Police at all levels understand that they stand between contending forces in society and a professional ideology which, for them, makes sense of their role in the conflicts that arise is necessary, even if it wears thin at times like this.

On the left and in the labour movement it is important to understand how the police function and the contradictions that arise when myth conflicts with real life.

At sharp points in class struggle the coercive role of the state and the direction of the police is rendered particularly transparent.

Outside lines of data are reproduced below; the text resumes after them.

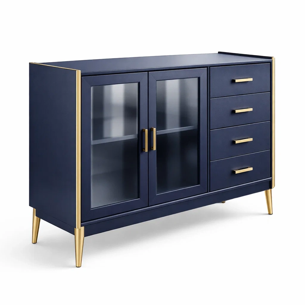 Buffet en MDF avec portes en verre trempé et tiroirs dorés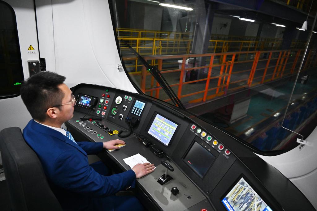 QINGDAO, 10 enero, 2025 (Xinhua) -- Un conductor es visto en la cabina de conducción de un tren de metro CETROVO 1.0 previo a su puesta en marcha, en Qingdao, en la provincia de Shandong, en el este de China, el 10 de enero de 2025. El vagón de metro CETROVO 1.0 comenzó su operación en la Línea 1 del Metro de Qingdao el viernes. Con un cuerpo y un marco compuestos de fibra de carbono, es más ligero y más eficiente energéticamente que el tren de metro tradicional. (Xinhua/Li Ziheng)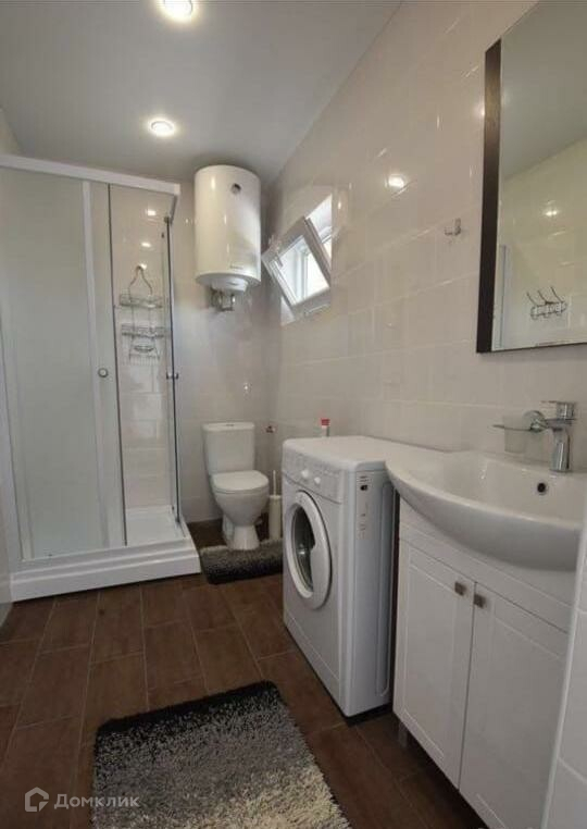 На первом этаже просторный холл, совмещённый санузел с душевой кабиной, стиральной машиной и новым электрическим водонагревателем. Дом располагается чуть выше уровня улицы, поэтому во время дождей остаётся СУХИМ!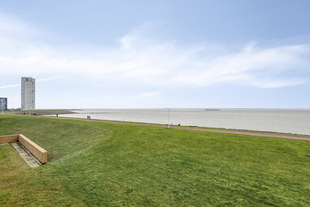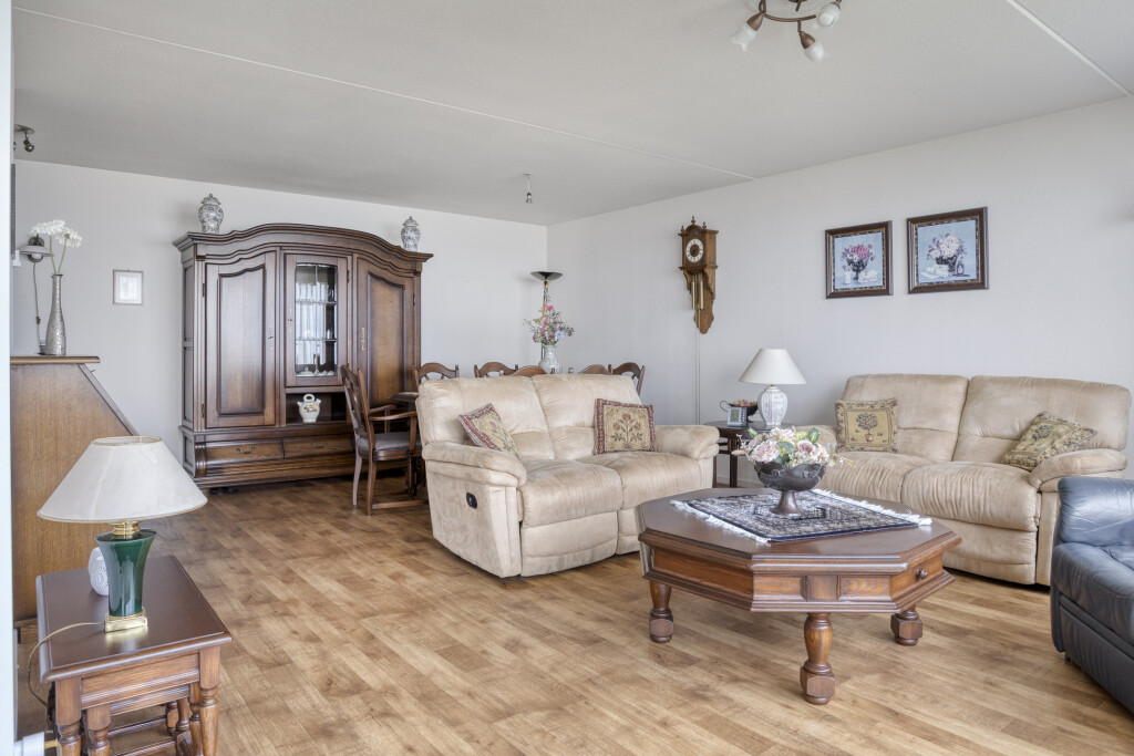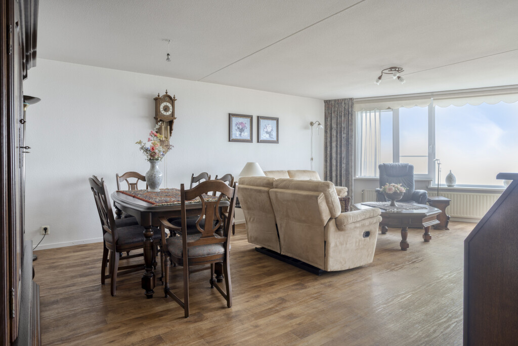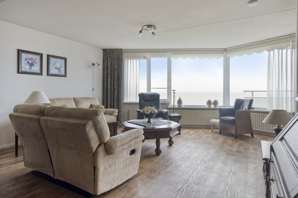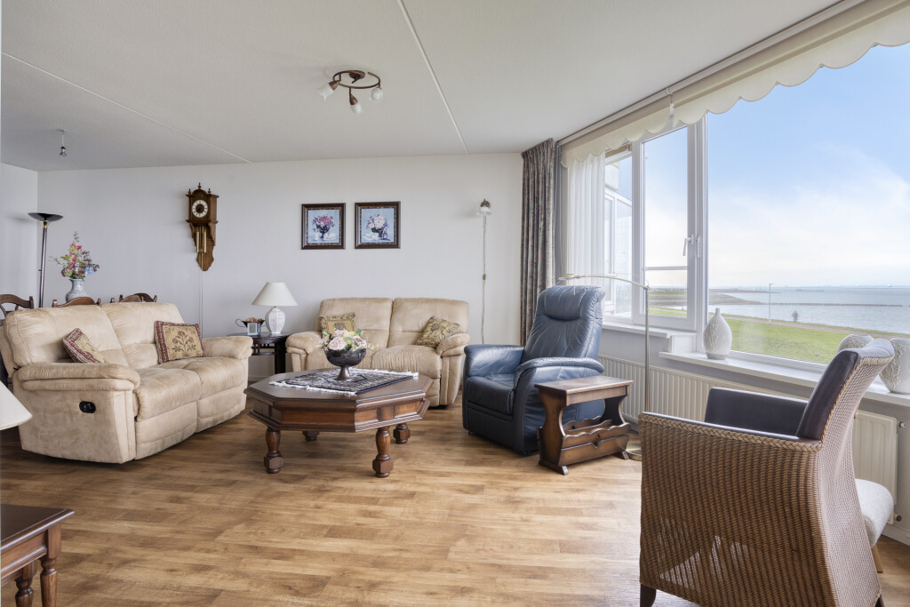 De woonkamer is voorzien van een vinylvloer. De grote raampartijen geven een mooi zicht op de Westerschelde en via de deur is het balkon bereikbaar.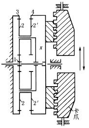 右图中,各轮齿数为z2、z3、z'3和z4,其传动比 若i41得正值,则4与1转向相同;得负值,则转向相反。例如,z3=z'3,z2=z4+1(或z2=z4-1),则可获得i41<0(或i41>0)的大传动比,用作机床的示数机构等。 |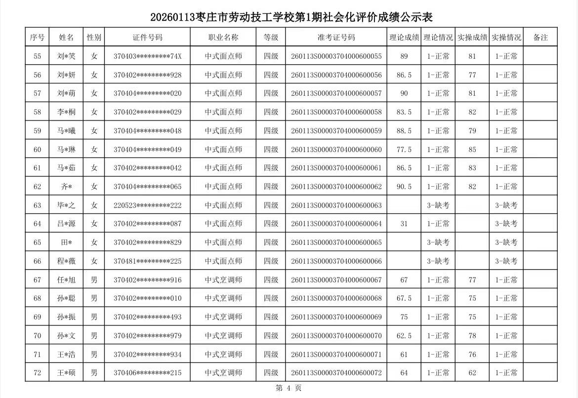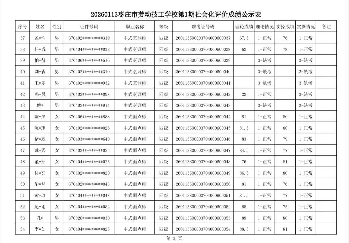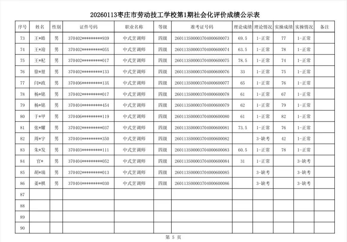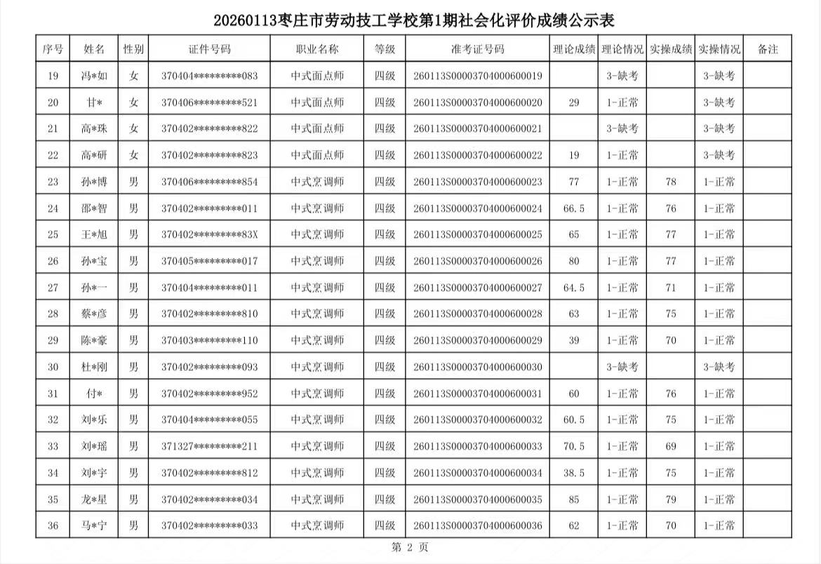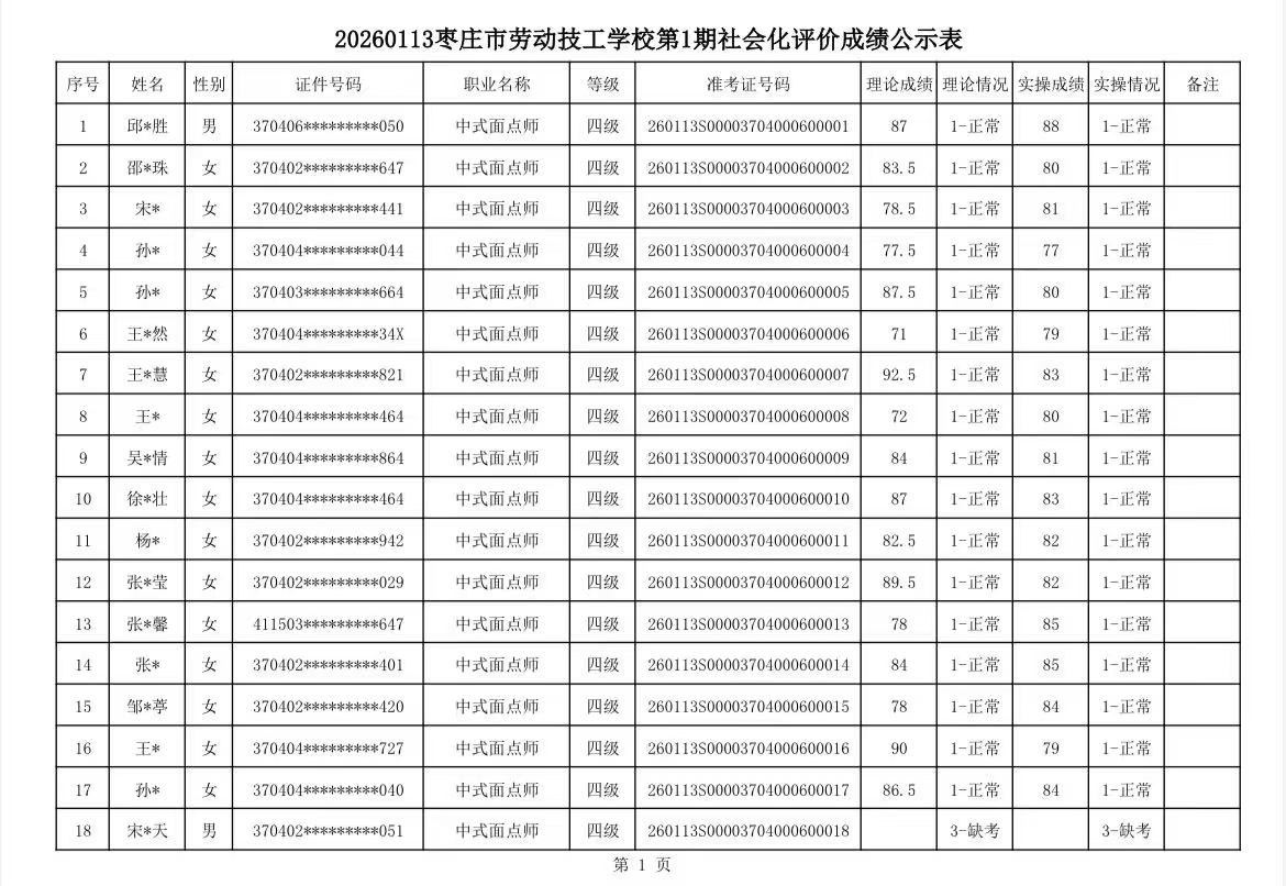 枣庄市劳动技工学校于2026年1月13日组织“20260113枣庄市劳动技工学校第1期社会化评价”,现将考试成绩予以公示。考生对公示情况有异议的,请向枣庄市劳动技工学校培训处反映。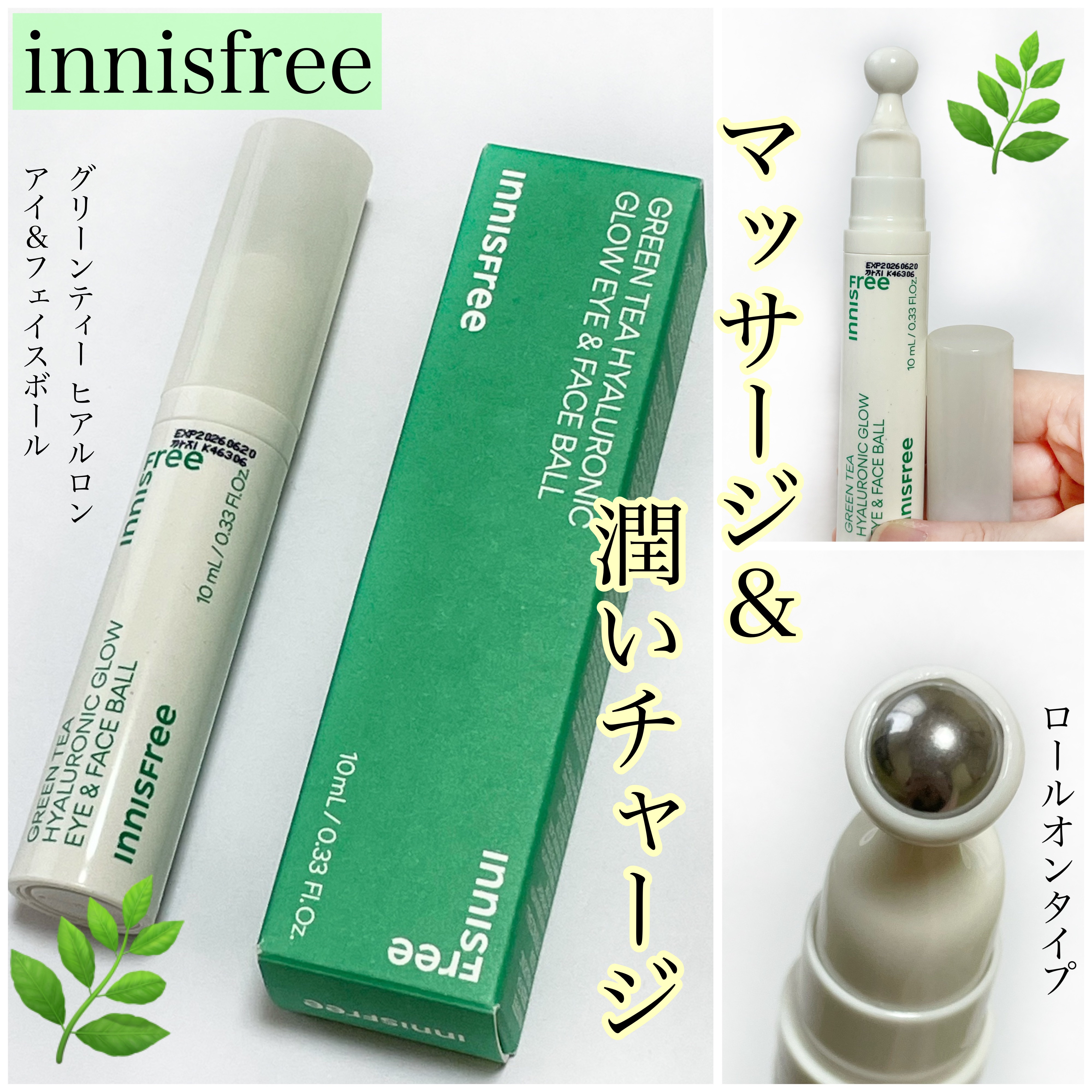 こちらもメガ割🥰購入✨️innisfreeよりグリーンティー ヒアルロン アイ&フェイスボールコロコロ転がすアイケア用品は結構あるけど、たまに皮膚がよれたりはさまったりすることもあり😅普段は使ってませんでしたが、こちらはストレスなく使えて◎思...

However, at the theoretical and strategic level, the left needs to find more compelling ways to dissolve the myth that the police stand above the basic conflicts between the contending classes. In this the notion of operational independence is something which produces a necessary contradiction between the professional ideologies mobilised around policing and the actual functions police are compelled to carry out.

It is in these interstices that the forward movement of society is found.

In the 1980s, as a community relations officer Nick Wright worked in Greater London Council-funded police monitoring in south London and later as head of Haringey’s Police Research Unit before and after the Broadwater Farm fighting.